Spin–flip non-orthogonal configuration interaction with grouped baths: a method for charge transfer in transition metal complexes

We introduce a novel grouped-bath approach to the spin-flip non-orthogonal configuration interaction (SF-NOCI) method, named SF-GNOCI, which significantly reduces computational cost while preserving accuracy. SF-NOCI is a nearly ``black-box'' electronic structure theory developed by Mayhall et al., well-suited for studying charge transfer phenomena. This method allows for core-virtual orbital rotations for all configurations within the active space, efficiently capturing important orbital relaxation effect induced by electron transfer. However, the inclusion of this relaxation effect for all configurations results in a sharp increase in computational cost, especially for large active spaces commonly encountered in transition metal complexes.
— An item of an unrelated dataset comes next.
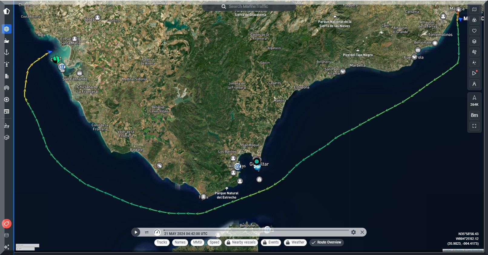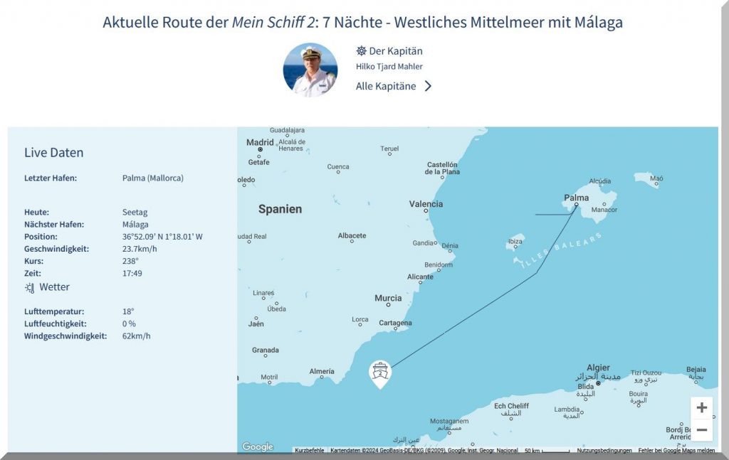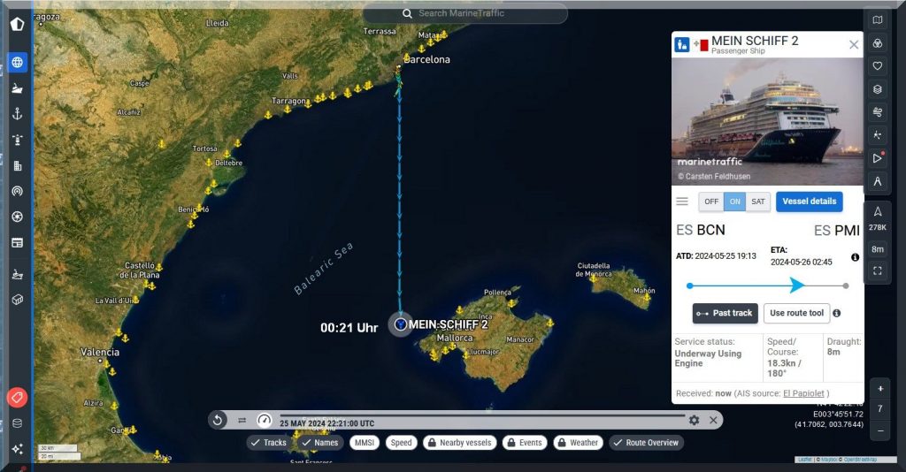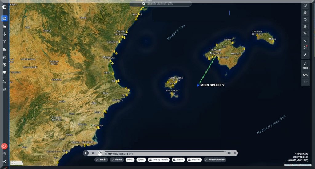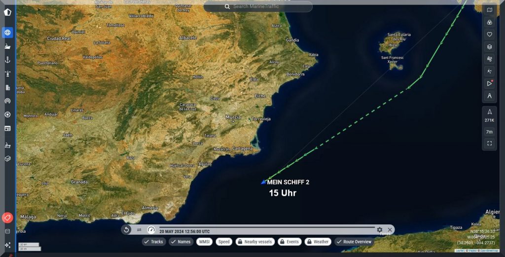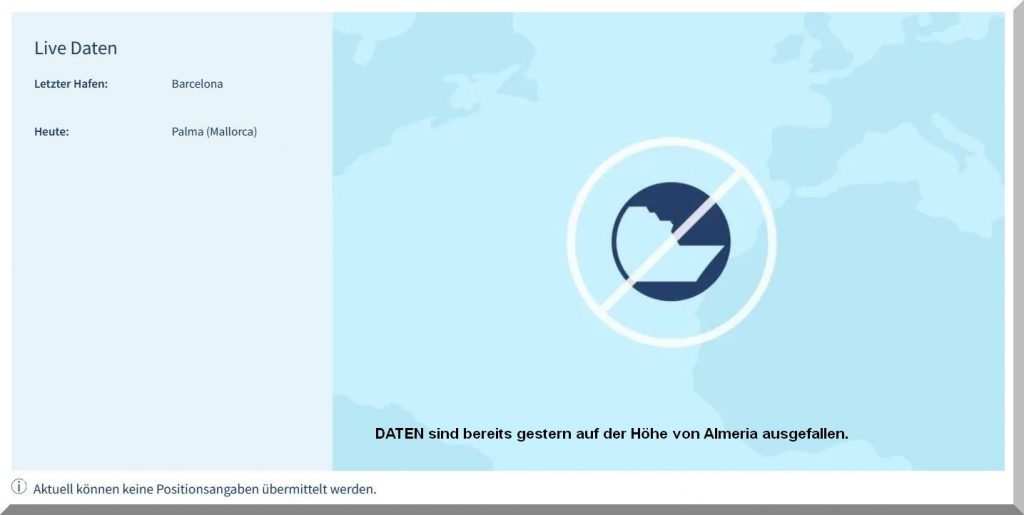 3 Uhr nachts – Ich kann nicht schlafen, also schaue ich mal, ob ich Mein-Schiff-2 auf Marinetraffic entdecken kann, denn um 22 Uhr gestern Abend soll es abgelegt haben:

To address this challenge, we grouped configurations based on the number of electrons associated with each atom. Within each group, configurations share a common set of bath orbitals, significantly reducing the computational burden. We demonstrate the performance of SF-GNOCI through benchmark calculations on two systems: the avoided crossing of the lowest singlet states of LiF dissociation and the low-lying charge transfer states of [Fe(SCH_3)_4]^{2-/1-}. Our results show that SF-GNOCI maintains the accuracy comparable to the standard SF-NOCI while reducing a computational cost by a factor of about 1/10 for [Fe(SCH_3)_4]^{2-} and 1/14 for [Fe(SCH_3)_4]^{1-}. This SF-GNOCI method offers a promising reference wave-function ansatz for simulating charge transfer phenomena in transition metal complexes.